Upload a single RDF file to a SPARQL endpoint:

```bash
rdf-uploader upload path/to/file.ttl --endpoint http://localhost:3030/dataset/sparql
```

### Multiple Files

Upload multiple RDF files:

```bash
rdf-uploader upload path/to/file1.ttl path/to/file2.n3 --endpoint http://localhost:3030/dataset/sparql
```

### Specify Endpoint Type

```bash
rdf-uploader upload path/to/file.ttl --endpoint http://localhost:3030/dataset/sparql --type fuseki
```

Available endpoint types:
- `marklogic`
- `neptune`
- `blazegraph`
- `rdfox`
- `stardog`

### Specify Named Graph

```bash
rdf-uploader upload path/to/file.ttl --endpoint http://localhost:3030/dataset/sparql --graph http://example.org/graph
```

### Authentication

For endpoints that require authentication:

```bash
rdf-uploader upload path/to/file.ttl --endpoint http://localhost:3030/dataset/sparql --username myuser --password mypass
```

### Content Type

Specify the content type for the RDF data:

```bash
rdf-uploader upload path/to/file.ttl --endpoint http://localhost:3030/dataset/sparql --content-type "text/turtle"
```

If not specified, the content type is automatically detected based on the file extension:
- `.ttl`, `.turtle`: `text/turtle`
- `.nt`: `application/n-triples`
- `.n3`: `text/n3`
- `.nq`, `.nquads`: `application/n-quads`
- `.rdf`, `.xml`: `application/rdf+xml`
- `.jsonld`: `application/ld+json`
- `.json`: `application/rdf+json`
- `.trig`: `application/trig`

### Control Concurrency

Limit the number of concurrent uploads:

```bash
rdf-uploader upload path/to/*.ttl --endpoint http://localhost:3030/dataset/sparql --concurrent 10
```

### Verbose Mode

Enable verbose output to see detailed information about each batch upload, including the number of triples per batch and server response codes:

```bash
rdf-uploader upload path/to/file.ttl --endpoint http://localhost:3030/dataset/sparql --verbose
```

### Help

Get help on available commands and options:

```bash
rdf-uploader --help
rdf-uploader upload --help
```

## Testing

The project uses pytest for testing.

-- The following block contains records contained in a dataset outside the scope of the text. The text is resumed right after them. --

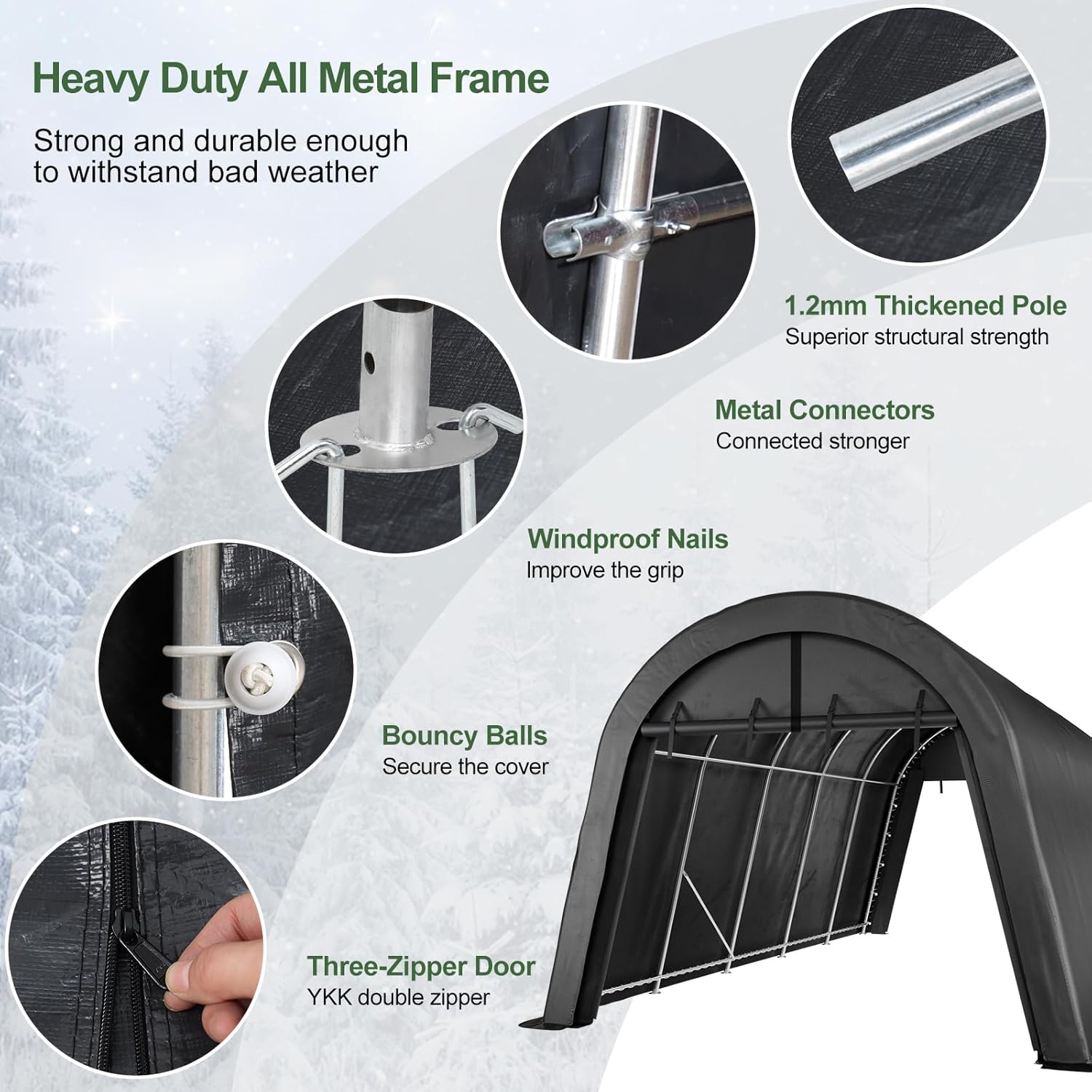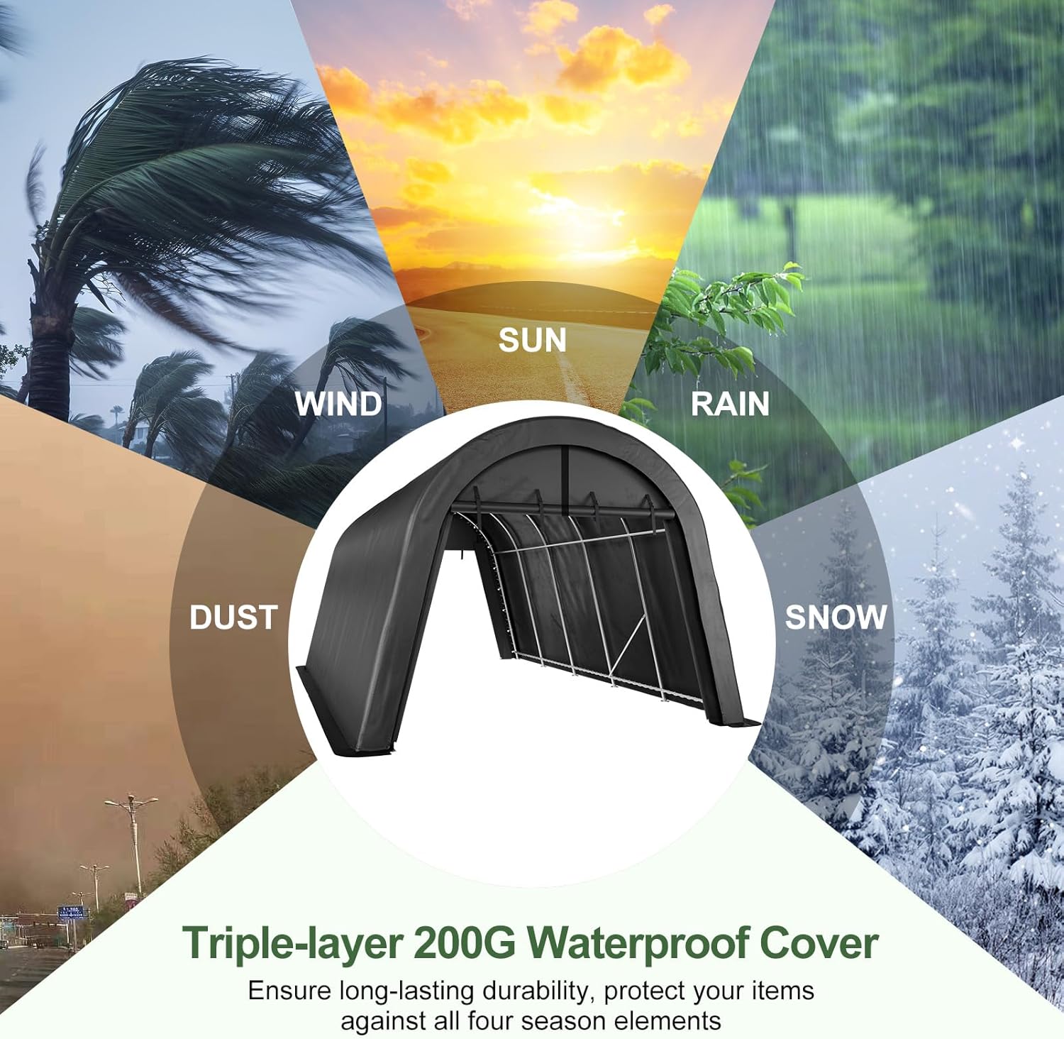 - 【Removable Double-Zipper Doors,Easy Access & Ventilation】Our car shed featuring double zippers and buckles, the doors of our portable shed can be easily removed or rolled up for convenient entry and exit and improved air circulation.You can assemble the roll-ups in the winter to keep the cold, or remove it in the summer to enhance the ventilation
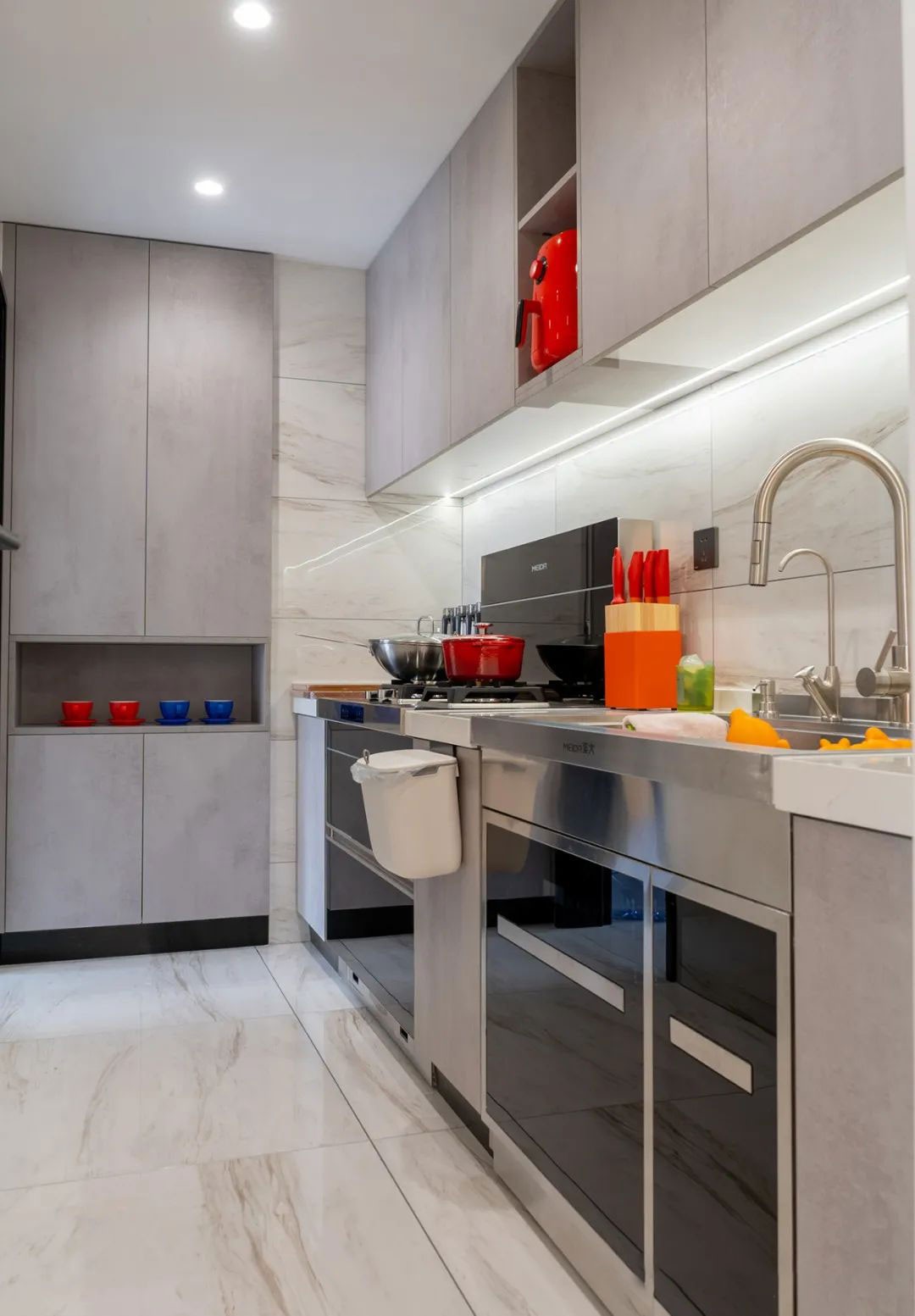 厨房蒸烤一体集成灶与灰色的柜体合二为一
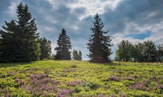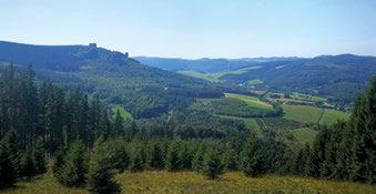 des Briloner Kammweges entlang. Die Natur zeigt sich in all ihren Spielarten: Nadelwälder wechseln sich mit alten Buchenbeständen ab, und immer wieder tun sich wunderschöne Aussichten auf die westfälische und hessische
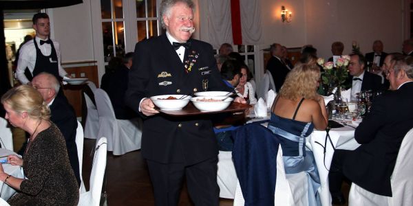 Bevor der Tanz zu Musik der Band "Moonlight Affair" eröffnet wurde musste noch eine wichtige Fragegeklärt werden: Traditionelles Labskaus oder Gulasch aus 1001 Nacht? Diese beiden Gerichte wurden den Gästen nach dem Signal "Backen und Banken" vom Hauspersonal und den Marinekameraden serviert. Am Ende hatte das Seemannsgericht Labskaus klar die Nase vorn.
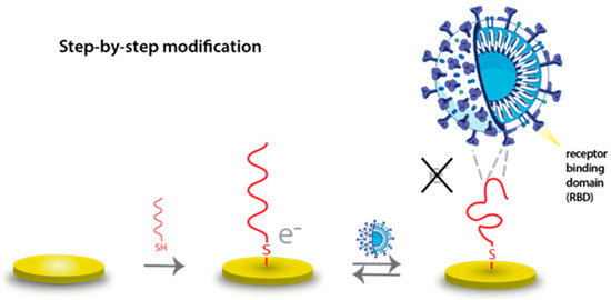 The electrochemical approach was used for fast, sensitive, and selective S-RBD detection as it has been demonstrated to be useful for the detection of host–guest (aptamer/DNA-virus/protein) interactions at the electrode surface [19,20,21]. In this work, a three-electrode system consisting of a gold working electrode (AuE), reference argentochloride electrode (Ag/AgCl), and auxiliary platinum electrode was used for the electrochemical setup. Signals were measured using an Autolab PGSTAT-100 instrument from Metrohm Autolab (Utrecht, The Netherlands), and the measured data were obtained using the NOVA program 1.11.
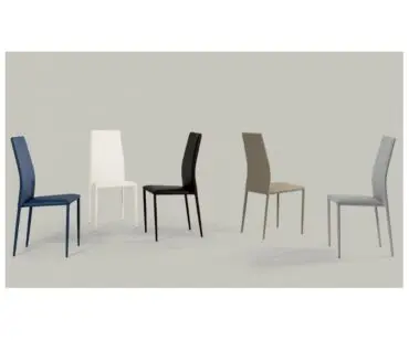 Silla Renee Ingenia de Bontempi, silla de elegante diseño de muy alta comodidad, su estructura es de metal y puede ser tapizada y revestida en eco Leather, ecoNabuk o tela Penny.
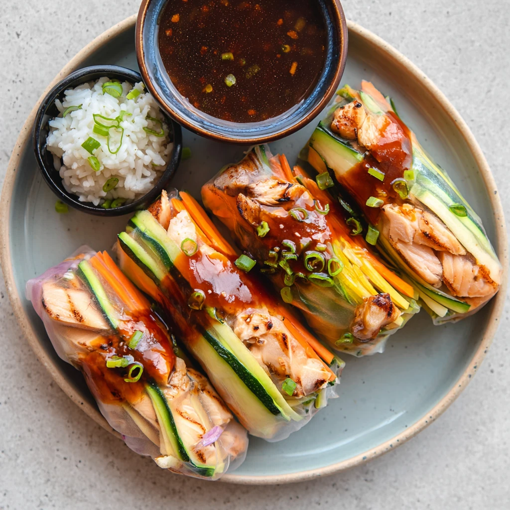 These baked salmon spring rolls deliver flaky baked salmon, crisp vegetables, fresh herbs, and chewy rice paper with a zesty dipping sauce for a light yet satisfying meal.
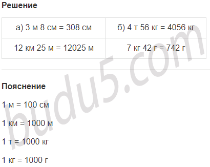 | а) 3 м 8 см = ... см | б) 4 т 56 кг = ... кг |
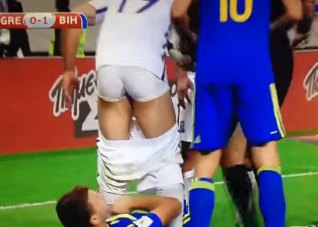 UOL – Quase no fim de partida entre Grécia e Bósnia, que terminou em 1 a 1, um lance esquentou o jogo e chamou muita atenção. Edin Dzeko não gostou da entrada do grego Sokratis Papastathopoulos e abaixou o calção do adversário, deixando o jogador grego de cueca em pleno gramado.
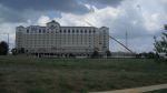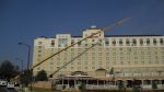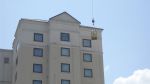 We clean the 11 story marriott in Spartanburg SC. We had to use a 300k lb 190' crane to clean it. There is a rest. off the back and a 280'x300 parking garage off the front of it. The PM was really happy when we were done! Came out great!
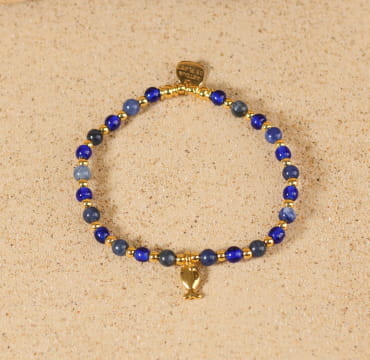 Le bracelet Alexia met à l’honneur le joli bleu des perles de sodalite et de verre. Ces perles bleues s'allient avec le petit pendentif en forme de poisson et ses perles dorées. Un joli bijou ispiré par le bord de mer !
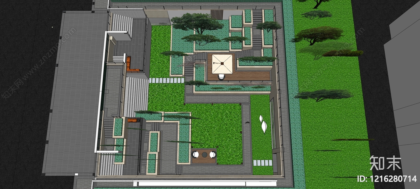 新中式景观别墅庭院 庭院 花园 下沉空间
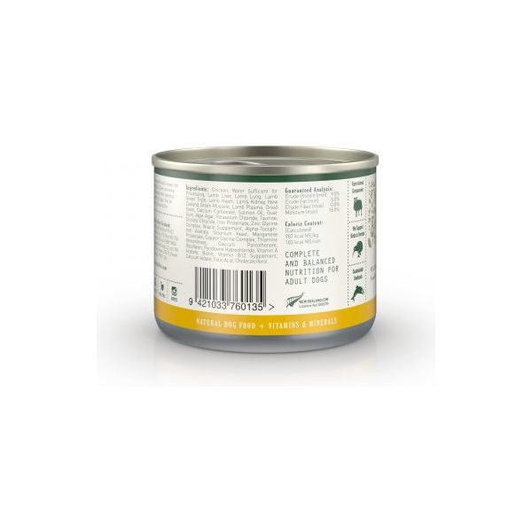 Deboned Chicken, Water Sufficient for Processing, Lamb Liver, Lamb Lung, Lamb Green Tripe, Lamb Heart, Lamb Kidney, New Zealand Green Mussel, Dried Yeast, Carrot, Cassia Gum, Agar-Agar, Salmon Oil, Calcium Carbonate, Guar Gum, Potassium Chloride, Choline Chloride, Taurine, Iron Proteinate, Zinc Glycine Complex, Niacin Supplement, Alpha-Tocoperol Acetate, Selenium Yeast, Manganese Proteinate, Copper Glycine Complex, Thiamine Mononitrate, Calcium Pantothenate, Riboflavin, Pyridoxine Hydrochloride, Vitamin A Acetate, Biotin, Vitamin B12 Supplement, Calcium Iodate, Folic Acid,

Tests are designed to work with live test databases.

```bash
# Run all tests
pytest

# Run specific test file
pytest tests/test_uploader.py

# Run with verbose output
pytest -v
```

### Test Configuration

Tests use a local SPARQL endpoint by default. You can configure the test endpoint by setting environment variables:

```bash
export TEST_ENDPOINT_URL=http://localhost:3030/test
export TEST_ENDPOINT_TYPE=fuseki
```

## Development

### Code Quality

The project uses ruff for linting and formatting:

```bash
# Run linting
ruff check .

# Run formatting
ruff format .
```

### Type Checking

The project uses mypy for type checking:

```bash
mypy src tests
```

## License

This project is licensed under the MIT License - see the LICENSE file for details.